Teknoloji insanı yalnızlaştırdı,ofis sosyalleştiriyor

Herkesin ofisi telefonu, bilgisayarı oldu. İşiniz zorlaşıyor mu, bir gün ofis mobilyası gereksiz olur mu?

? GG: Bir zamanlar da ‘home office’ yaygınlaşacak, herkes evinden çalışacak’ diyorlardı. Ama öyle bir şey olmadı. Çünkü insanın insana ihtiyacı var. Telefonla görüşme ya da video konferans da fiziksel görüşmenin yerini tutmuyor. Teknolojinin hayatımıza bu kadar girmesiyle oluşan çok ciddi bir yalnızlık var. Ve artık herkesin çok daha fazla sosyal alana ihtiyacı var. Ofisin de burada bir sorumluluğu var.

Ofiste bulunma oranı düşüyor

Maliyetlerin yüksek olduğu bir ortamda ofisler daralmıyor mu?

? GG: Mesela metrekareye 30 dolar kira ödüyorsanız. O şirketin ebitdası yüzde10’sa o metrekarede 3 bin 600 dolarlık iş üretilmesi lazım ki 1 metrekarenin kirasını ödeyebilsin.

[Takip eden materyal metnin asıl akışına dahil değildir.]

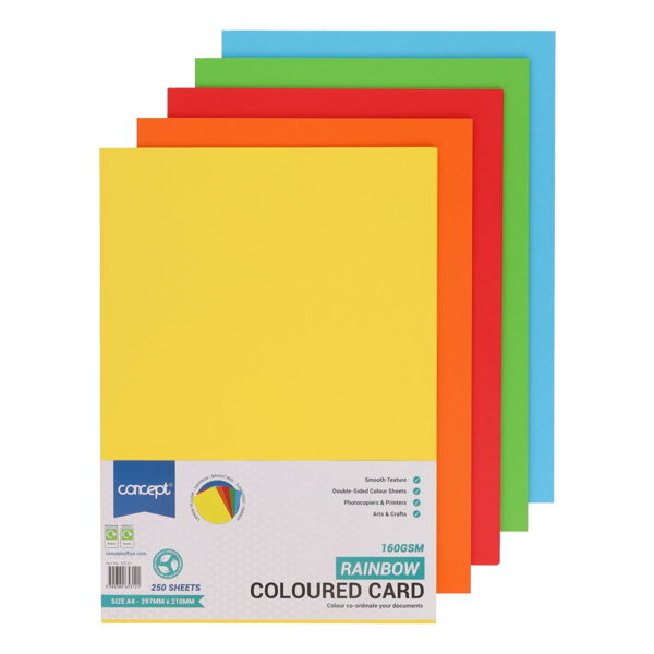 Concept A4 160gsm Card 250 Sheets - Rainbow

Tüm dünyada çalışanların ofiste bulunma oranları da düşüyor. Şu anda yüzde 42-43’lerde... Bu yüzden artık paylaşımlı ofisler yaparak, çalışanın ofiste olmadığı zamanlarda boş kalan metrekareleri değerlendirmek gerekiyor. Biz de stratejimizi bunun üzerine geliştiriyoruz.